- _Task requirements_: Return the records from the first line through the line containing "ولتاژ : 12 ولت", and leave out the pictures.

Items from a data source
※
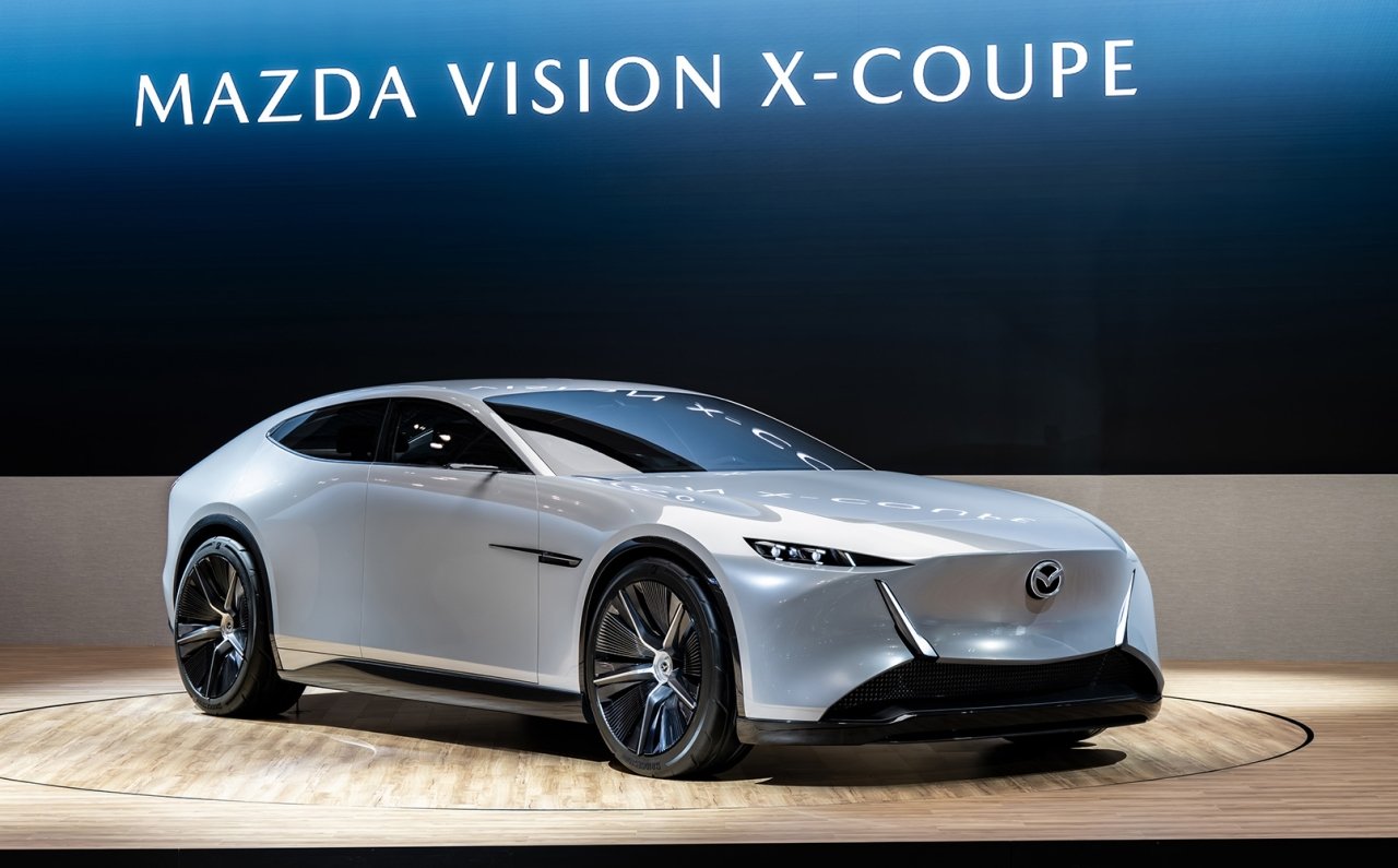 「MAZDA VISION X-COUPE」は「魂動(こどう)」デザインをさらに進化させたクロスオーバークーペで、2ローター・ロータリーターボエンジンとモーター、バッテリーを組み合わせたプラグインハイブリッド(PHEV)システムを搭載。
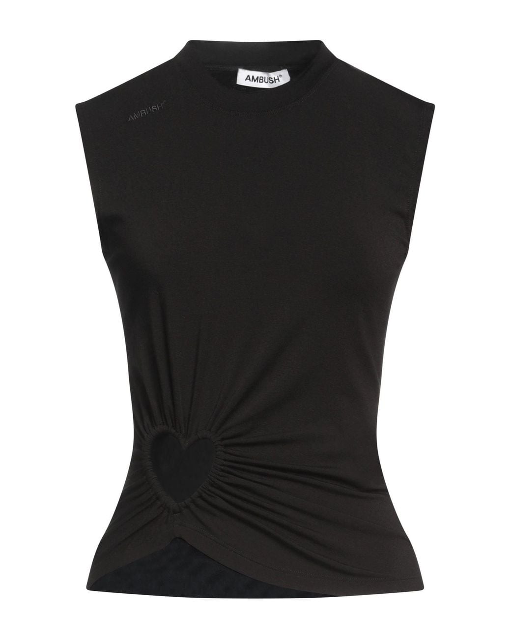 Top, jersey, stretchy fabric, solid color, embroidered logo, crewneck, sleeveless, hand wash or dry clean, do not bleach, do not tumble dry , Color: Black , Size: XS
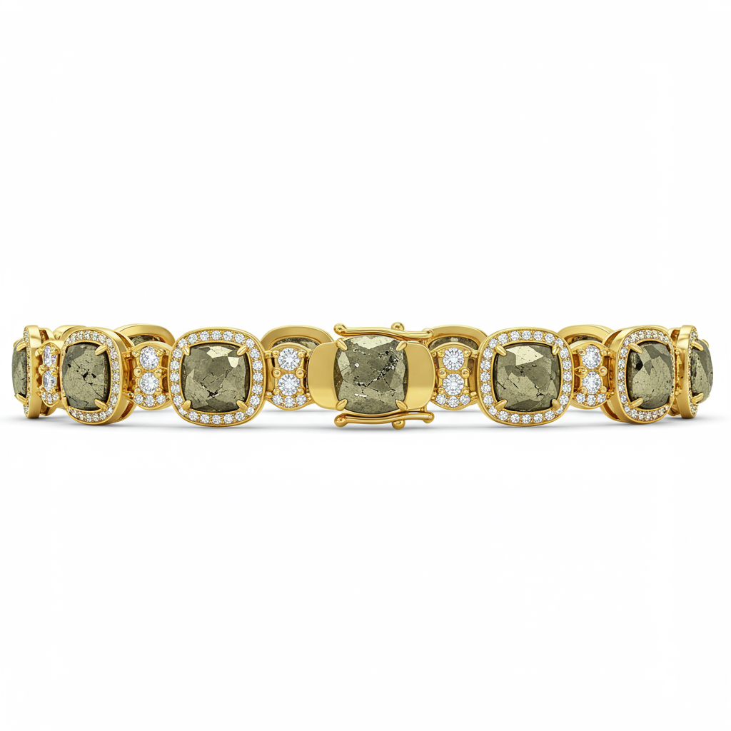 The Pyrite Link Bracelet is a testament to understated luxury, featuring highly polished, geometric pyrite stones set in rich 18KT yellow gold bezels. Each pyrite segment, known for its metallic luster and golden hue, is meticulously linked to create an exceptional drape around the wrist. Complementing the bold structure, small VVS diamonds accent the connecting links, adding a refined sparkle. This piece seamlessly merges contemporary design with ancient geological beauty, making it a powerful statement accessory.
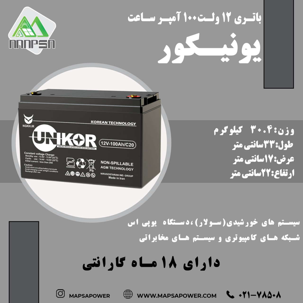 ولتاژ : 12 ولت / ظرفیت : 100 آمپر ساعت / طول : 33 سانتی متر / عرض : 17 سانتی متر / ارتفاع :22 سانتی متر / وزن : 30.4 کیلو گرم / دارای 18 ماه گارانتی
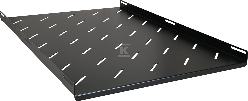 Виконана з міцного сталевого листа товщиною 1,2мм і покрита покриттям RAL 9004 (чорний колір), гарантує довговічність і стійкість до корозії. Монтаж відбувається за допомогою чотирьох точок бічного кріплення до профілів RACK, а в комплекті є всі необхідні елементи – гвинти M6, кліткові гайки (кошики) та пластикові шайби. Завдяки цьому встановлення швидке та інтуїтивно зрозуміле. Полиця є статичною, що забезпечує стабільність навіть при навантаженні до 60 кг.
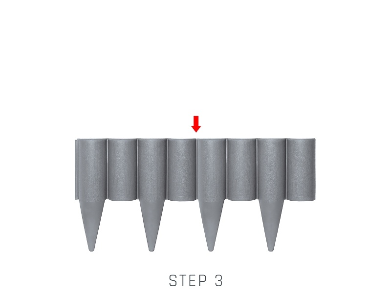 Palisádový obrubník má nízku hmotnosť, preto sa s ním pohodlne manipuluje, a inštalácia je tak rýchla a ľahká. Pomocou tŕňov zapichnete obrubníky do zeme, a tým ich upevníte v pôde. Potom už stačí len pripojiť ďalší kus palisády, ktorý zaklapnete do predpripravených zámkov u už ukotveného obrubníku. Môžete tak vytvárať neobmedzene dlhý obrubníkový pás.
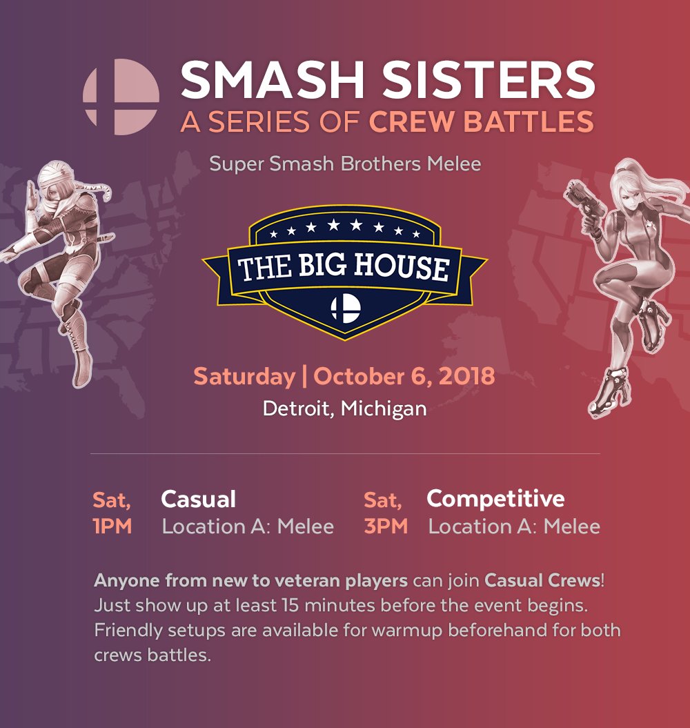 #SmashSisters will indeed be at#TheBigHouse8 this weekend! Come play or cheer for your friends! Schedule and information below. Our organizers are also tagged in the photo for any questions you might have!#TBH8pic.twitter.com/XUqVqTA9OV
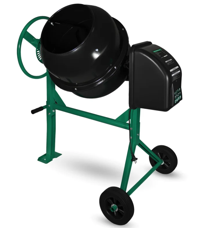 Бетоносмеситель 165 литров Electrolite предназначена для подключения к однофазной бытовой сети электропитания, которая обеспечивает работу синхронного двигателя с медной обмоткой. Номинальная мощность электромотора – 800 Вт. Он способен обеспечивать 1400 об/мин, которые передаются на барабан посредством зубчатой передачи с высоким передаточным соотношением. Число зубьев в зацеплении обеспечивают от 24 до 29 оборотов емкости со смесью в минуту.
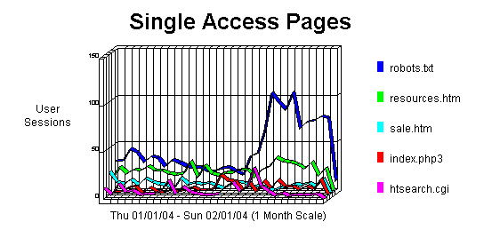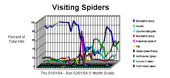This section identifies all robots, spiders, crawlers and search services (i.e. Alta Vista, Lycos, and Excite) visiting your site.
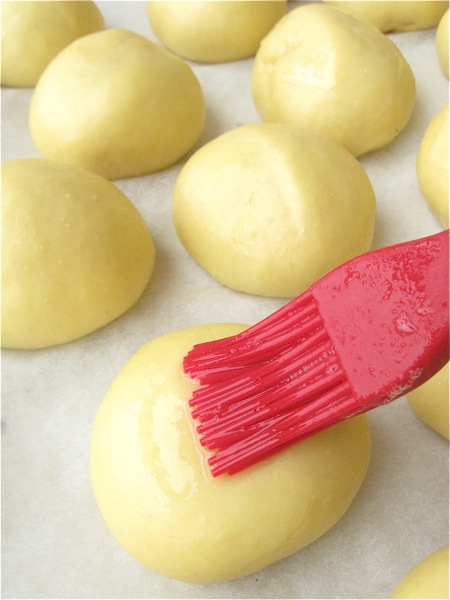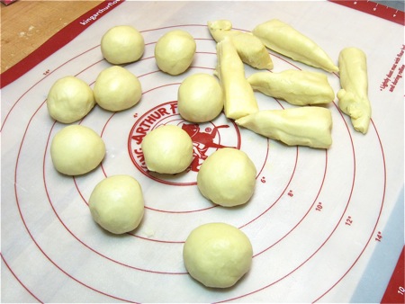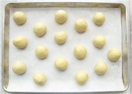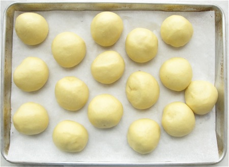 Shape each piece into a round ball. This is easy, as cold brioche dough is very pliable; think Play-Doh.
※
- _Task output_:
 「MAZDA VISION X-COUPE」は「魂動(こどう)」デザインをさらに進化させたクロスオーバークーペで、2ローター・ロータリーターボエンジンとモーター、バッテリーを組み合わせたプラグインハイブリッド(PHEV)システムを搭載。
 Top, jersey, stretchy fabric, solid color, embroidered logo, crewneck, sleeveless, hand wash or dry clean, do not bleach, do not tumble dry , Color: Black , Size: XS
 The Pyrite Link Bracelet is a testament to understated luxury, featuring highly polished, geometric pyrite stones set in rich 18KT yellow gold bezels. Each pyrite segment, known for its metallic luster and golden hue, is meticulously linked to create an exceptional drape around the wrist. Complementing the bold structure, small VVS diamonds accent the connecting links, adding a refined sparkle. This piece seamlessly merges contemporary design with ancient geological beauty, making it a powerful statement accessory.
 ولتاژ : 12 ولت / ظرفیت : 100 آمپر ساعت / طول : 33 سانتی متر / عرض : 17 سانتی متر / ارتفاع :22 سانتی متر / وزن : 30.4 کیلو گرم / دارای 18 ماه گارانتی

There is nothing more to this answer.